Emerging from the motor car, a curly-haired young man in Clark Kent glasses rushed Jess’s side of the Packard. “You’re the Bureau’s man,” he said and held out an identification card. “I’m Thad Graham, Washington Herald. What’s going on up there? Somebody murdered in the cemetery?”
Jess heard Mississippi in his accent and smiled in spite of himself. Thad was like them, a Southerner a long way from home.
“Get back, you,” a Park Policeman yelled and chased the reporter away, then came to Jess’s window.
Jess showed him his Bureau ID. The policeman opened the gates and leaned in. “They’re way up near the Confederate Memorial.

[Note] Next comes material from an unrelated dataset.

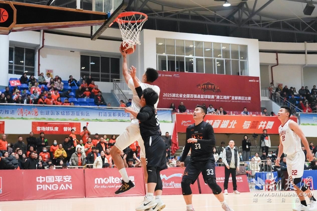 荆楚网(湖北日报网)讯(记者宋劲松 通讯员邓洁、袁琳) 12月13日晚,宜都市体育馆内气氛炽热。随着终场哨声长鸣,历时近四个月的2025湖北省全国百强县篮球联赛,在主场球迷的欢呼声中迎来终章。在备受瞩目的第十四轮收官之战中,坐镇主场的宜都队与来访的“兄弟”枝江队联袂奉献了一场经典对决。双方鏖战至加时赛,最终宜都队以74:71力克强敌,用一场激动人心的胜利,为家乡的主场赛季画上了圆满句号。

Follow the signs. Sorry ‘bout them newsies. They showed up right behind the DC police.”
Once Alonso put the car in first, another man leaped in front of them and took a photograph through the windshield, his flashbulb blinding them.
Alonso braked hard, rocking them forward and back. The car stalled. “That’s one photographer who near about got himself run over.”
Jess blinked, adjusting his eyes. “Hope Thad Graham figures out what’s going on here.” The Bureau insisted on keeping a lid on the murders, so as not to discourage young women from coming to Washington to work. “Whatever you do, don’t talk to the press,” Fred had told them. “That comes from the highest level. Keep these murders quiet.”
But in other cases, Jess and Alonso had gotten help from the public. Witnesses came forward. Someone might have seen something here in DC—the city was too crowded not to—but nothing had been reported.
With these murders, they were on their own and worse, government girls like the ones coming to live with Mrs. Trundle were unaware of the danger. These young women believed Washington was safe and that men in uniform were heroes, never suspecting one of their heroes was a killer.
5
“Stay close,” Eddie told Rachel.
Union Station’s covered platform overflowed with people shouting to be heard. Thunder rumbled overhead. Pandemonium reigned.
With her pulse in her throat, Eddie couldn’t stop looking around. She was finally, finally, finally here.
“Never been in a city before.” Pearl squeezed Eddie’s forearm. “I’m so scared.”
Eddie patted Pearl’s hand. “I feel like a country mouse, too.” The city’s vastness loomed around her. Mut, she told herself, courage.
They stood beside their stacked luggage. Rachel had two suitcases in addition to her compact case and hat box. Eddie’s giant suitcase, so heavy she could barely lift it, contained her typewriter and her beloved German-English dictionary.
How would they find their way with all their baggage?
Eddie noticed Pearl carried only a feed sack. Her curiosity pricked, she said, “By the way, Pearl, where are you staying in Washington?”
Pearl didn’t answer.
Rachel took hold of Pearl’s shoulders. “Where are you billeted, Pearl?”
“Same as you two, with Eddie’s aunt.” Pearl’s grip on Eddie tightened. “Don’t leave me, please.”
“Of course, we won’t,” Rachel told her.
Eddie didn’t believe Pearl, but it was almost midnight, too late to argue. They had to find Aunt Viola’s house and get ready for tomorrow, their first day working for the government.
Rachel summoned a porter to help with their suitcases. Rachel had traveled to Washington before, even to New York City with her father on buying trips for their department store. She had seen the world and it showed.